Чтобы попытаться внести хоть какую-то ясность в то, как сегодня функционирует политическая система России, редакция сформулировала ряд вопросов к людям, профессионально занимающимся изучением различных аспектов этой системы — от российского партийного ландшафта до социальной политики государства. Авторам было предложено ответить на каждый вопрос в отдельности либо взять их за основу для изложения своего видения этой системы в виде краткой статьи.
1. Как можно охарактеризовать нынешнюю политическую систему России? Какие термины, разработанные наукой о политике, наиболее адекватны для описания российской политии? С какими ранее существовавшими или ныне существующими странами имеет смысл сравнивать Россию с точки зрения ее политической системы?
2. В чем суть политических изменений, произошедших с конца 2003 года (выборы Думы и президента, отмена выборности губернаторов и так далее)? Некоторые говорят о государственном перевороте, фактической отмене Конституции и конце второй российской республики, другие считают происходящее планомерной эволюцией существующего политического режима. Каково реальное значение данных процессов?

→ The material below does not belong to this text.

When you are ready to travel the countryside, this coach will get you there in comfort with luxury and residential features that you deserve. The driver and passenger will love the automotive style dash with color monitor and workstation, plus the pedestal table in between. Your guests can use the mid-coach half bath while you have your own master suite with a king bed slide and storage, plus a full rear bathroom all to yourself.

3. Каковы наиболее вероятные пути дальнейшей эволюции российской политической системы? Чьи действия (президентской администрации, политических партий, гражданских объединений, спецслужб, иностранных правительств, международных организаций, инвесторов…) способны повлиять на ее развитие?
4. Что в результате политических процессов последнего года изменилось лично для Вас? Видите ли Вы для себя возможность так или иначе повлиять на развитие событий? Говоря шире, можно ли сегодня говорить об ответственности граждан за происходящие в стране политические изменения и что может сделать человек, желающий положительно повлиять на политический процесс?
Дмитрий Фурман
Дмитрий Ефимович Фурман (р. 1943) — главный научный сотрудник Института Европы Российской академии наук.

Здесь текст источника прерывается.